The biological researcher can access many methods to rapidly interrogate molecular structures and mechanisms. Such experiments typically involve numerous independent variables, such as substrates, measurement modalities and experimental conditions. Many of these variables may be causally correlated, and the data likely address multiple hypotheses. This multidimensional complexity can make it difficult to design a figure that clearly presents both the structure and value of data in a manner relevant to the inquiry.

When communicating complex data, focus on their meaning instead of structure—anchor the figure to relevant biology rather than to methodological details. What are the interesting findings, and what representation would communicate them clearly? Answering these questions may mean forgoing the conventional approach to displaying multidimensional data (Fig. 1). Instead, it may be better to project the data onto familiar visual paradigms, such as a protein network or pathway, to saliently show biological effects in a functional context.

Figure 1: Dimensions can be encoded as spatial or visual elements, such as along x and y axes or by color, size or symbol.
figure 1

The number of dimensions and the selection and layering of encodings can have a profound effect on clarity.

An example of an effective presentation of multidimensional data is shown in Figure 2, from a study of drug effect on a network of signaling proteins across a variety of immune cell types1. The figure uses the method of small multiples: each table cell is based on a schematic of the protein network, onto which quantitative data are projected as colored circles. Rows and columns represent experimental conditions. The figure is readily understood by experimentalists because it leverages biological context to relate the organizational details of the experiment.

Figure 2: Overview of the impact of a drug class on a signaling network in different cell types.
figure 2

Colored circles encode EC50 and percent inhibition using the scheme in Figure 3c. Adapted from ref. 1.

The design decision that makes Figure 2 so effective is the use of spatial encoding to present the data domain (the protein network). It maintains the functional relationship between the proteins, making it possible to assess the drugs' impact on the network, which is the intention of the study.
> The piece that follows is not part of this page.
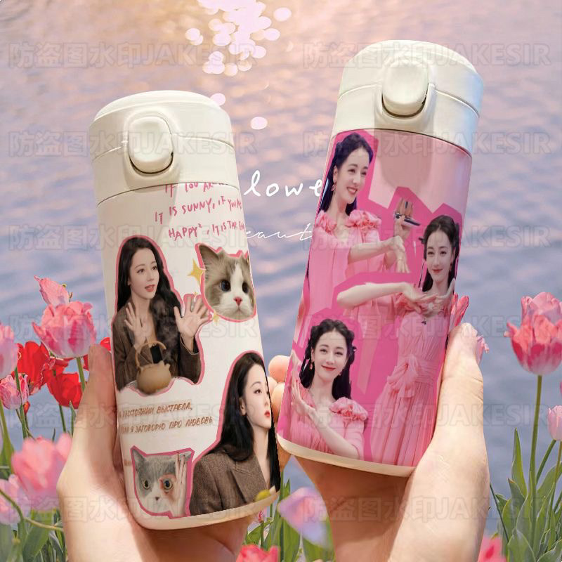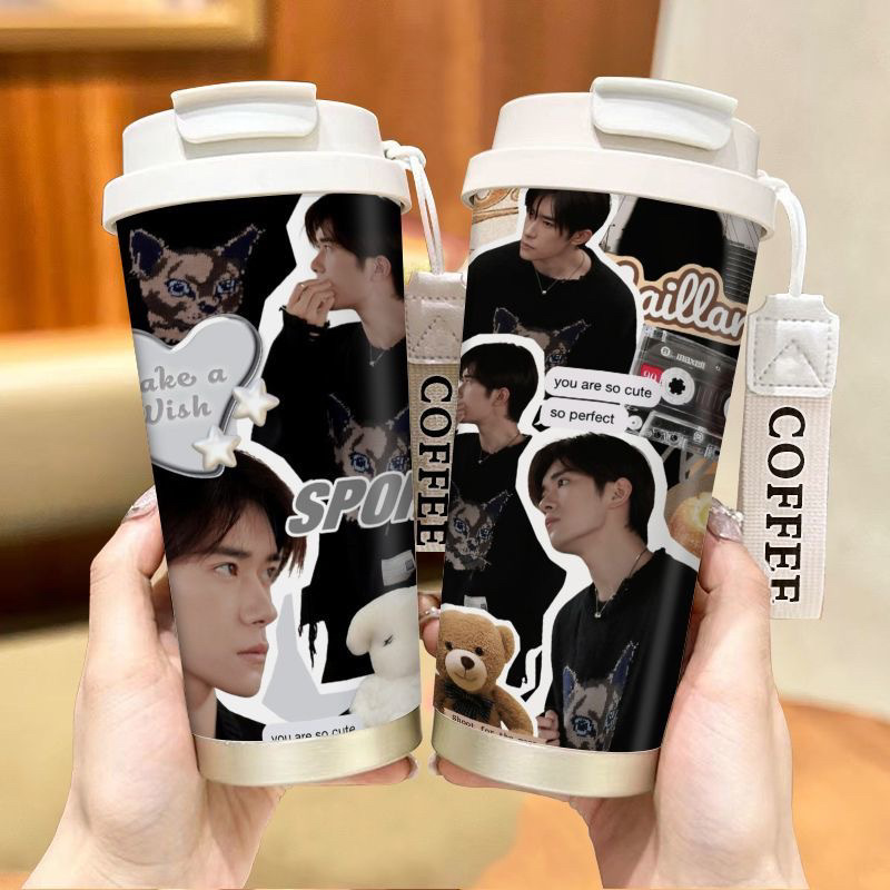 白鹿应援周边保温杯不锈钢学生高颜值吸管双饮大容量咖啡水杯

Had the spatial encoding been used for the quantitative variables, as exemplified by Figure 1, this relationship would be muddled and the pathway analysis confounded. Figure 2 scales well without being overwhelming—the original shows 392 different cell type–drug combinations1.

In planning the design for a complex figure, it is helpful to list the relevant variables of the experiment (Fig. 3a). The next step is to classify the variables and select the encoding method (Fig. 3b). Effective encodings will maintain the nesting and multiplicity of the data structure in the final version (Fig. 3c).

Figure 3: Design schematic for Figure 2, showing data structure, variable type and visual mapping.
figure 3

(a) Identification of nested data dimensions informs the levels of organization in the figure. (b) Data types and encodings used. (c) The protein dimension is spatially encoded into a diagram of the signaling network and tabulated by experimental condition. The adjacency of proteins signifies involvement in the same pathway, and vertical position relates to intracellular position. Protein nodes are combined into shapes. Perceptually accurate size and hue encodings2 are used for EC50 and percent inhibition.

Tabular small multiples are well suited for applications that offer interactive exploration. The scope of data can be focused (such as by transcription factors), the range of data narrowed (by high-potency effects) or the table rearranged. Remember that when presenting tabular data, the order of rows and columns can both reveal and hide patterns.

The final design (Fig. 3) is unencumbered and accommodates selective emphasis of pathways (via colored highlighting) or proteins (via thicker strokes). The ability to focus the reader's attention on specific elements in displays of complex data is desirable and is made possible by a light visual style. Row and column numbers are used to aid data lookup.

In the design of your figures, look to leverage existing biological conceptual models to organize the presentation of your high-dimensional data.